= Recorded information =
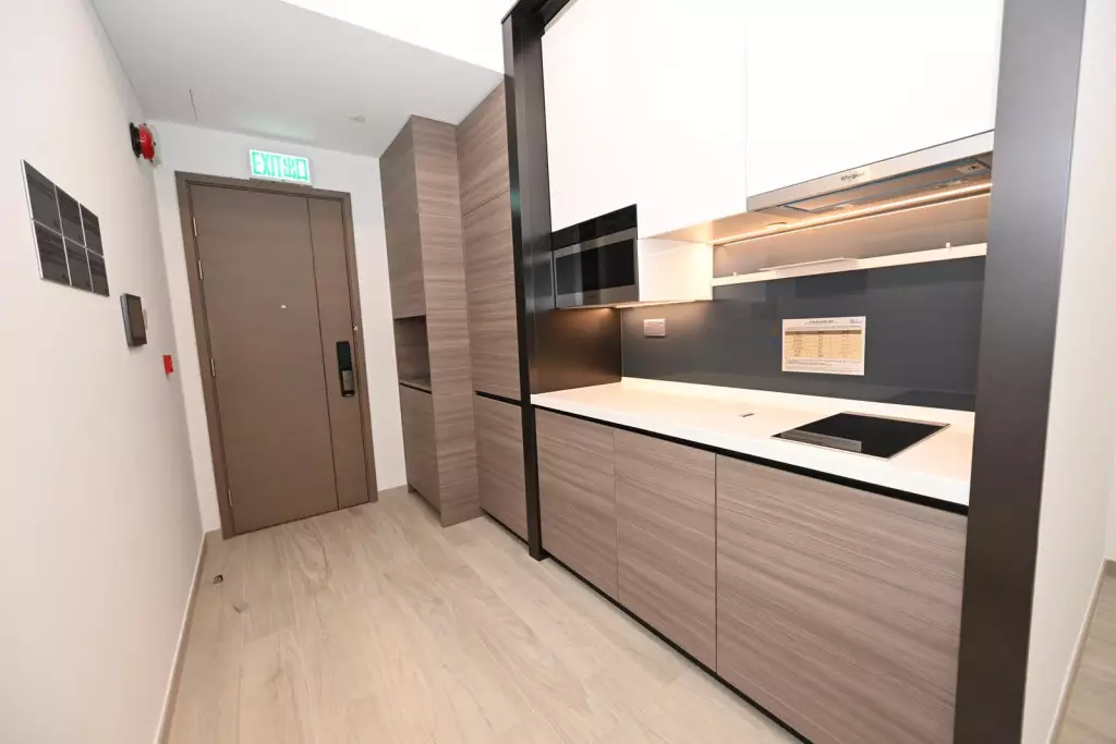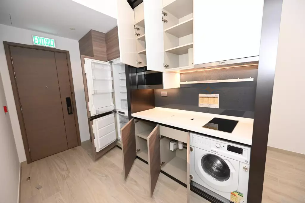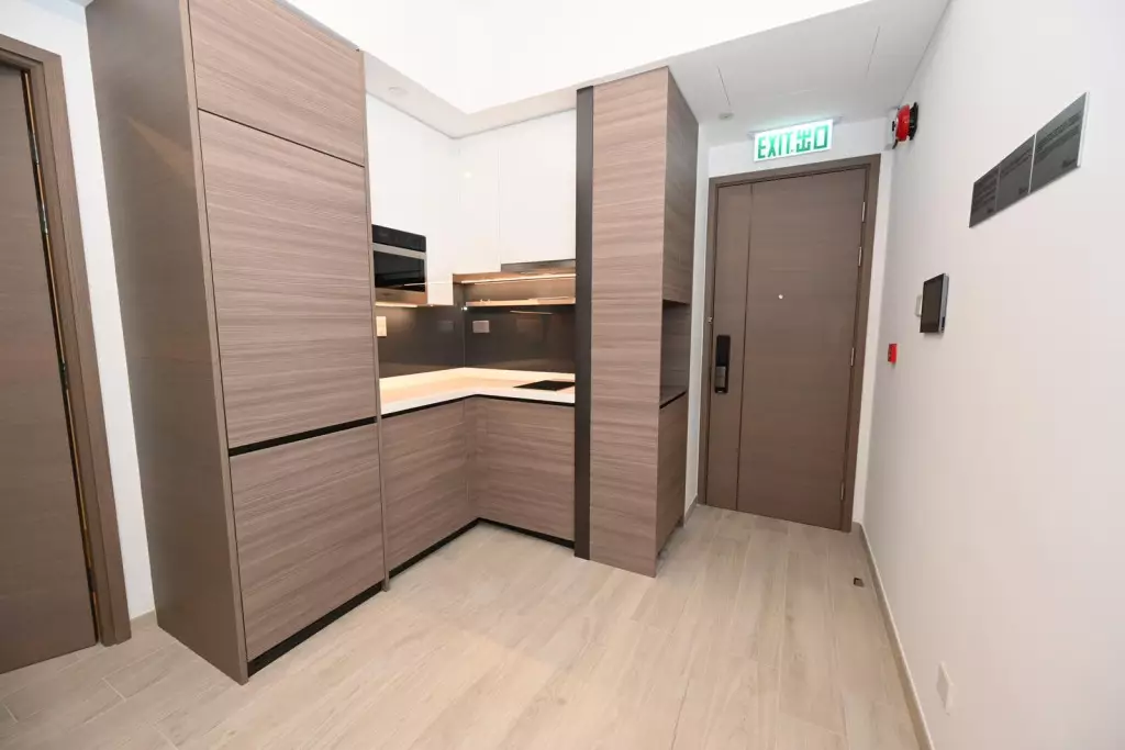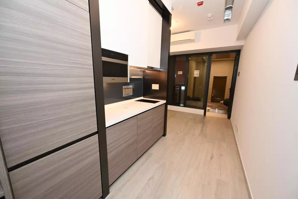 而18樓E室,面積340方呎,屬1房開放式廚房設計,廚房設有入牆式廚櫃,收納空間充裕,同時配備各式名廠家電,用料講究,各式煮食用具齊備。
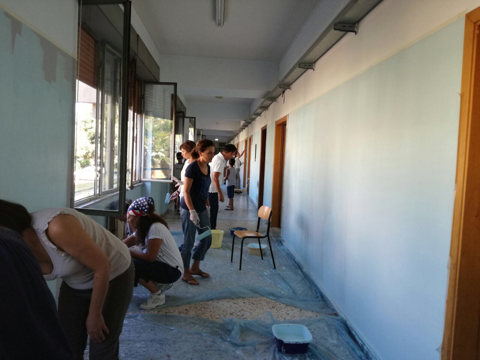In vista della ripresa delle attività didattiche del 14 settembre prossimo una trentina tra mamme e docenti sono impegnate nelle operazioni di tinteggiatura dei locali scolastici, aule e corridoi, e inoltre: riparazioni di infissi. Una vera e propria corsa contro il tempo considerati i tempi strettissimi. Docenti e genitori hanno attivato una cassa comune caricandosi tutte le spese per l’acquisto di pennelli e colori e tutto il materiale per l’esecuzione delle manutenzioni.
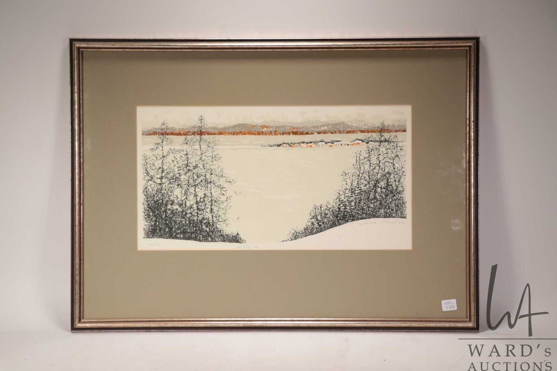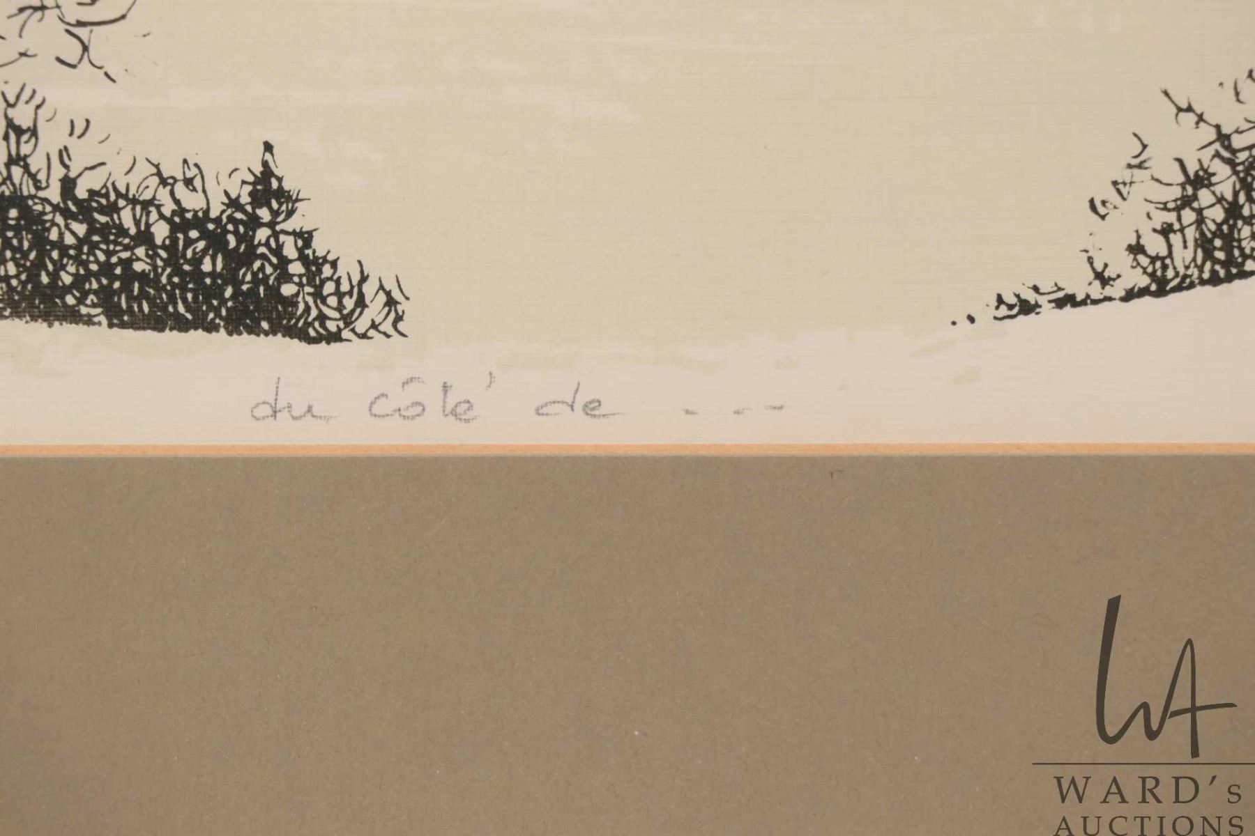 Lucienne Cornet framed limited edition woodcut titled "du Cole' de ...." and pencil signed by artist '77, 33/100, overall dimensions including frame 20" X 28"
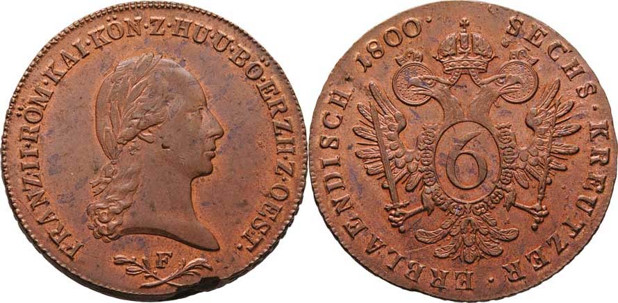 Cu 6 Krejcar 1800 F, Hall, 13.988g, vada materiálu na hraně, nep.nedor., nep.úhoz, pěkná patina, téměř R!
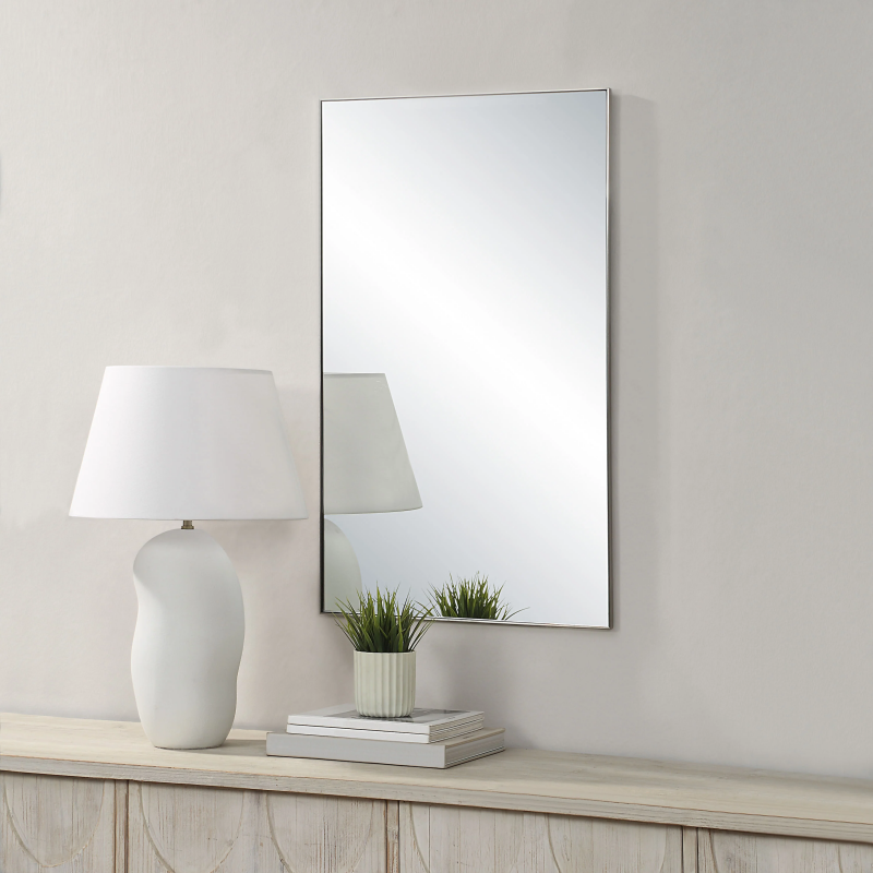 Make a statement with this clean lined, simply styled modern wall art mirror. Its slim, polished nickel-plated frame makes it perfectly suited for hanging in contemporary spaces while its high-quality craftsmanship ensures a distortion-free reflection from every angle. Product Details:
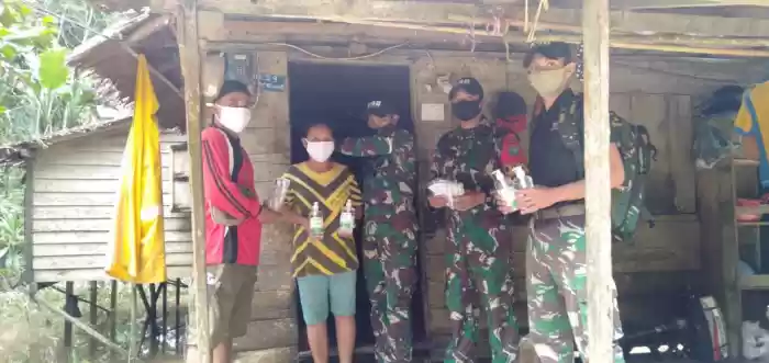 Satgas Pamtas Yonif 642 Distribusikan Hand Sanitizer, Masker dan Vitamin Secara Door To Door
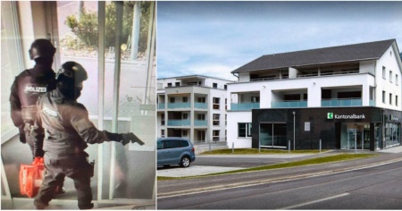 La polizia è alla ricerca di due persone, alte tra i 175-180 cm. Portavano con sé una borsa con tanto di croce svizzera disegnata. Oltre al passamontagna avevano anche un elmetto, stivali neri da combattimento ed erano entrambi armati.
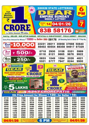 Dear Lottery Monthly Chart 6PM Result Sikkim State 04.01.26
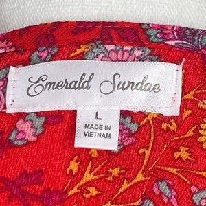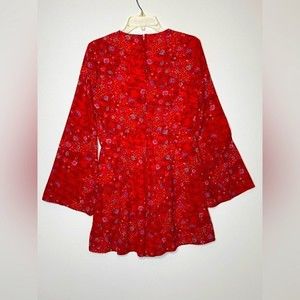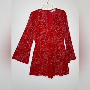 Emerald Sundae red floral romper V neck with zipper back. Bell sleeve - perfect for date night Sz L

= Exercise =
Return all the records exactly, excluding images.

= Result for this task =
 而18樓E室,面積340方呎,屬1房開放式廚房設計,廚房設有入牆式廚櫃,收納空間充裕,同時配備各式名廠家電,用料講究,各式煮食用具齊備。
In vista della ripresa delle attività didattiche del 14 settembre prossimo una trentina tra mamme e docenti sono impegnate nelle operazioni di tinteggiatura dei locali scolastici, aule e corridoi, e inoltre: riparazioni di infissi. Una vera e propria corsa contro il tempo considerati i tempi strettissimi. Docenti e genitori hanno attivato una cassa comune caricandosi tutte le spese per l’acquisto di pennelli e colori e tutto il materiale per l’esecuzione delle manutenzioni.
 Lucienne Cornet framed limited edition woodcut titled "du Cole' de ...." and pencil signed by artist '77, 33/100, overall dimensions including frame 20" X 28"
 Cu 6 Krejcar 1800 F, Hall, 13.988g, vada materiálu na hraně, nep.nedor., nep.úhoz, pěkná patina, téměř R!
 Make a statement with this clean lined, simply styled modern wall art mirror. Its slim, polished nickel-plated frame makes it perfectly suited for hanging in contemporary spaces while its high-quality craftsmanship ensures a distortion-free reflection from every angle. Product Details:
 Satgas Pamtas Yonif 642 Distribusikan Hand Sanitizer, Masker dan Vitamin Secara Door To Door
 La polizia è alla ricerca di due persone, alte tra i 175-180 cm. Portavano con sé una borsa con tanto di croce svizzera disegnata. Oltre al passamontagna avevano anche un elmetto, stivali neri da combattimento ed erano entrambi armati.
 Dear Lottery Monthly Chart 6PM Result Sikkim State 04.01.26
 Emerald Sundae red floral romper V neck with zipper back. Bell sleeve - perfect for date night Sz L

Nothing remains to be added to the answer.